What you need to do.
Skip all pictures. Write out the data below from its first line through the line that contains "Stay warm in".

Data provided.

----

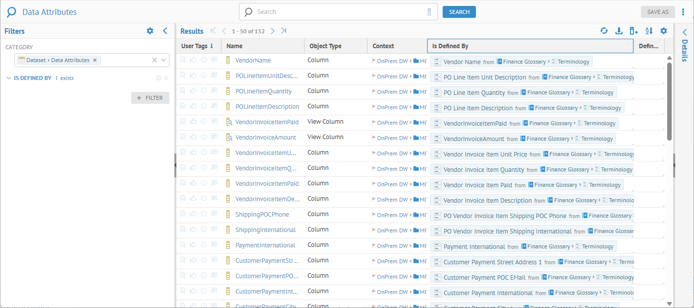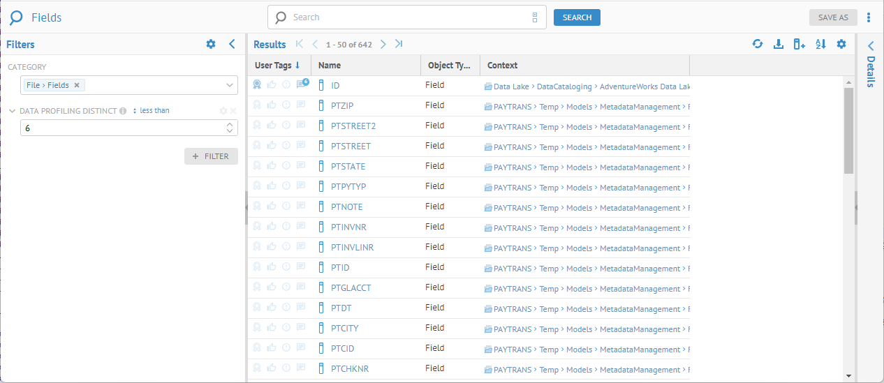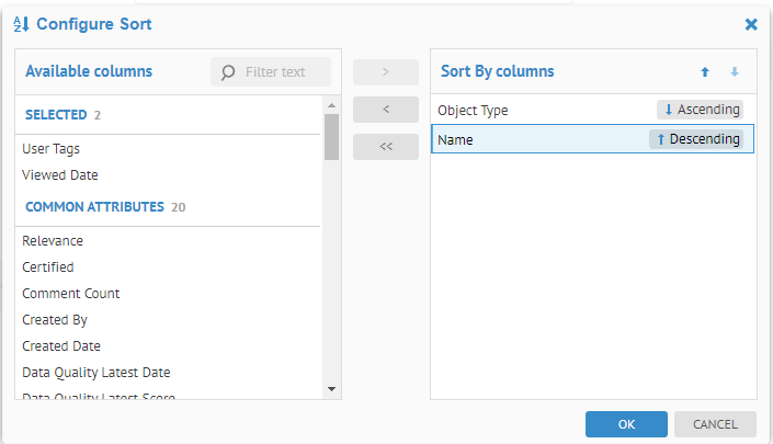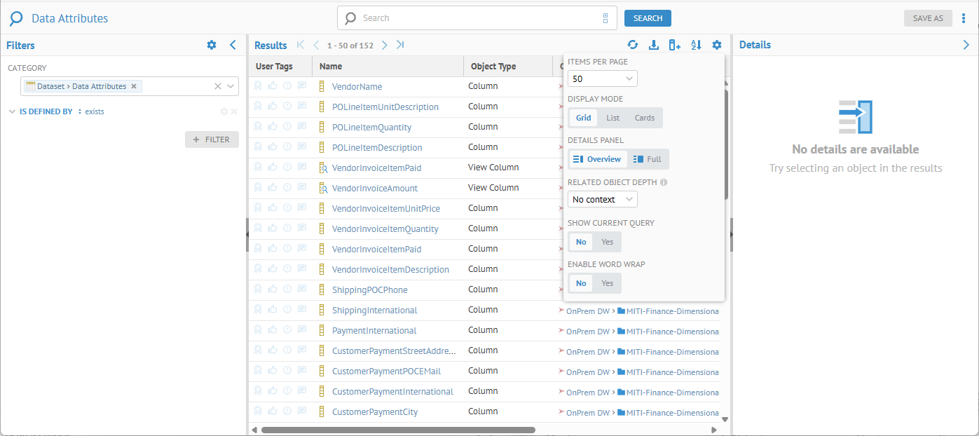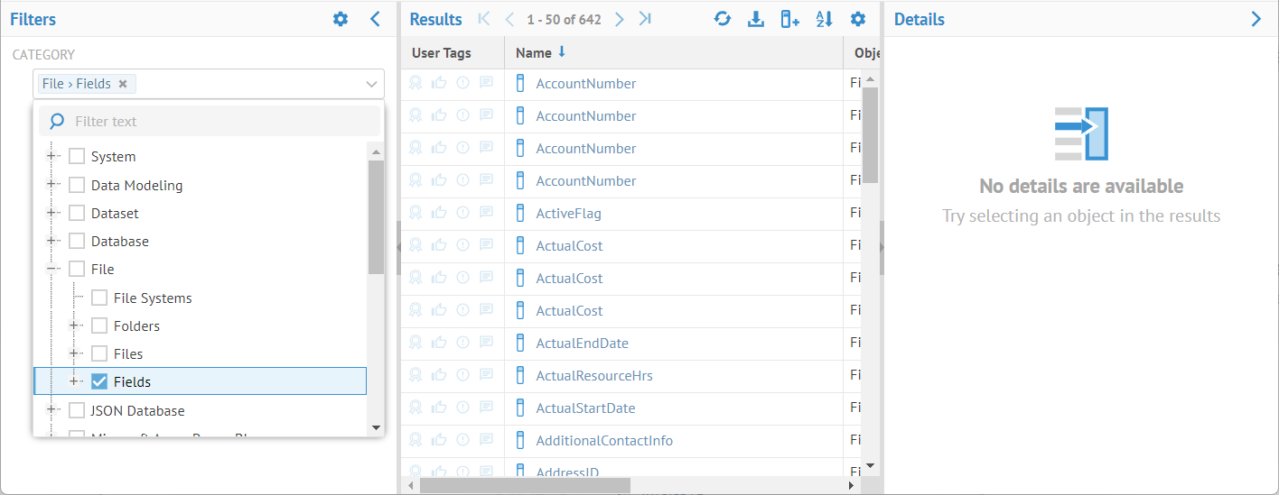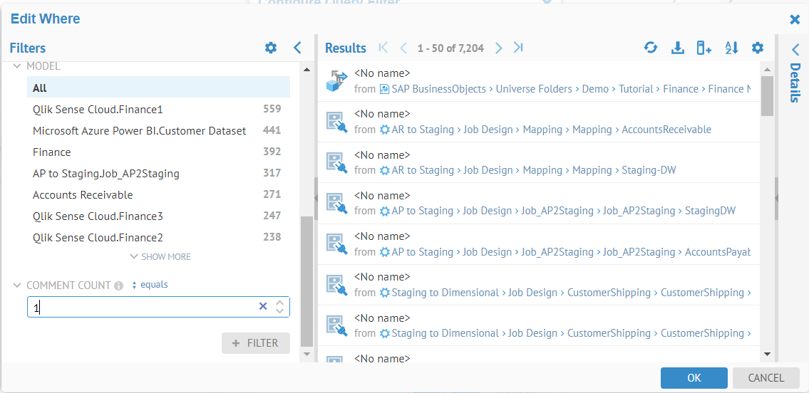The worksheet capabilities offer you the ability to select multiple object types (e.g. database / tables + Flat files) and subset by model (My Data lake + Sales DW database) before drilling down with a large number of filters:
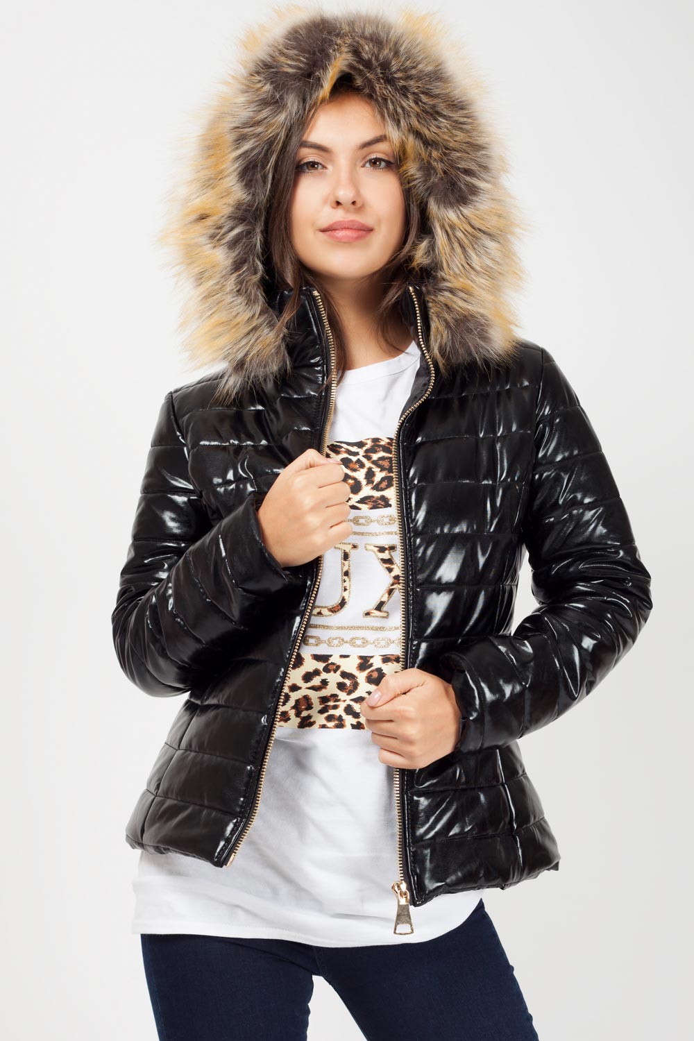 Stay warm in this winter in this wet look padded jacket. Featuring on trend faux fur hood, shiny wet look material and slim fit. Padded material traps body heat and keeps you warm in the coldest days. Get it styledup with cute crop jumper and skinny jeans.
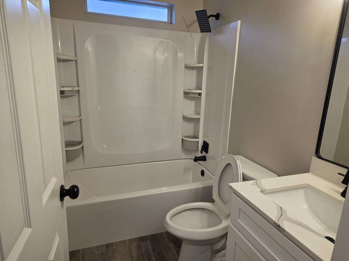 Completely remodeled from top to bottom, this 4- bedroom home delivers space, style, and peace of mind with major upgrades already done. Fresh paint, new flooring, brand- new windows and doors, and updated lighting give the entire home a clean, modern feel the moment you walk in. The main living area features vaulted ceilings, abundant natural light, and a cozy fireplace that anchors the room.
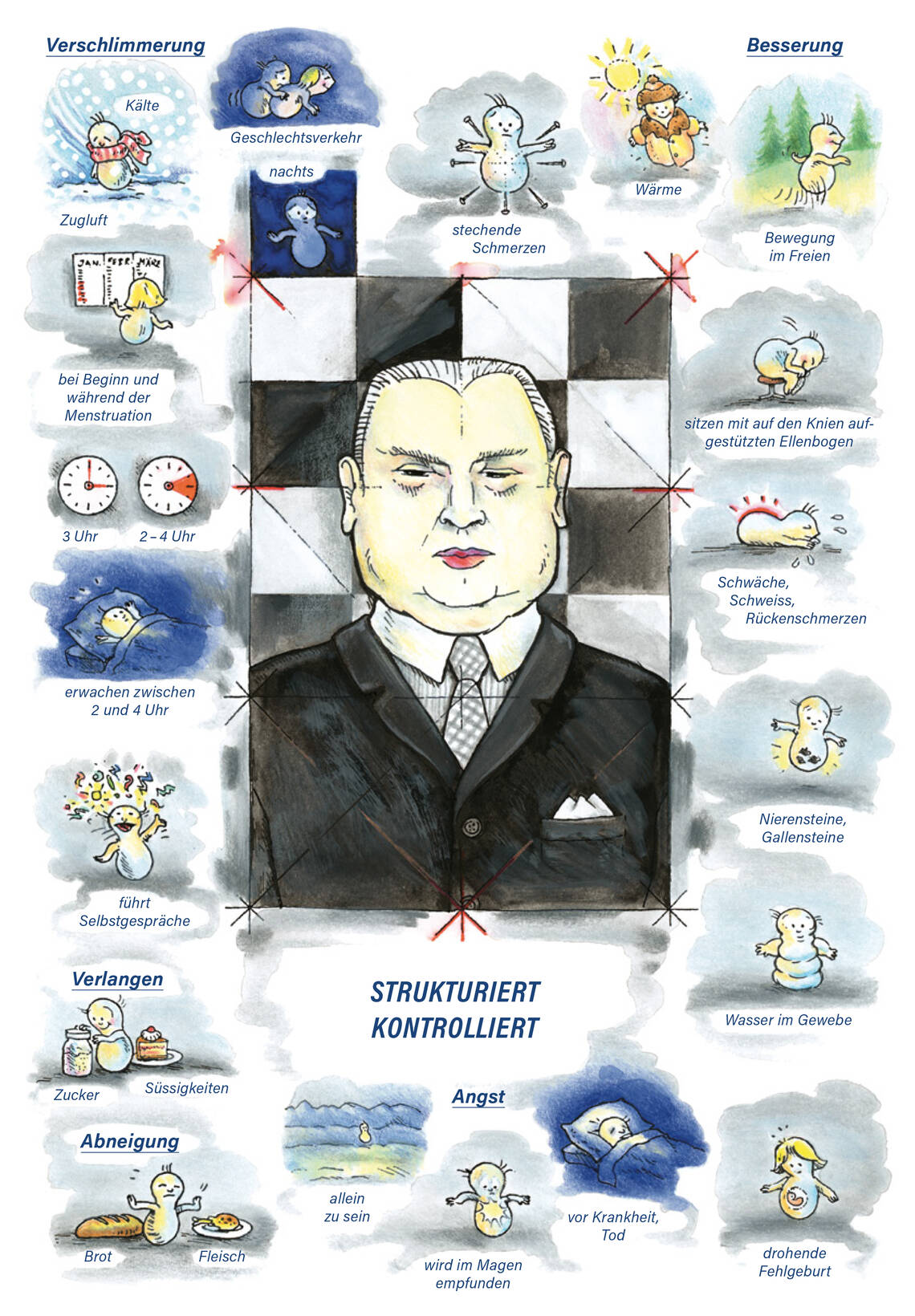 Nun wollen wir uns speziell mit Kalium carbonicum befassen. Unser Bild zeigt einen ziemlich massiven und aufgeschwemmten Mann. Die für Kalium carbonicum typischen Schwellungen am inneren Winkel der oberen Augenlider (wie kleine Kissen) haben wir etwas überzeichnet, damit sie nicht übersehen werden. Dieses Zeichen hat uns schon mehrfach zu einer erfolgreichen Verordnung von Kalium carbonicum geführt. Besonders bei Menschen, die sich bei der Konsultation alles andere als mitteilsam verhalten, sind solche Beobachtungen von unschätzbarem Wert. Sogar ‹Kalium-carbonicum-Kinder› sind verschlossen und erzählen nichts spontan. Von der Mutter hören wir, dass sie einen auffälligen Ordnungssinn hätten, sich ärgern, wenn die Dinge nicht genau an dem von ihnen vorgesehenen Platz stehen.

----

Solution below.
The worksheet capabilities offer you the ability to select multiple object types (e.g. database / tables + Flat files) and subset by model (My Data lake + Sales DW database) before drilling down with a large number of filters:
 Stay warm in this winter in this wet look padded jacket. Featuring on trend faux fur hood, shiny wet look material and slim fit. Padded material traps body heat and keeps you warm in the coldest days. Get it styledup with cute crop jumper and skinny jeans.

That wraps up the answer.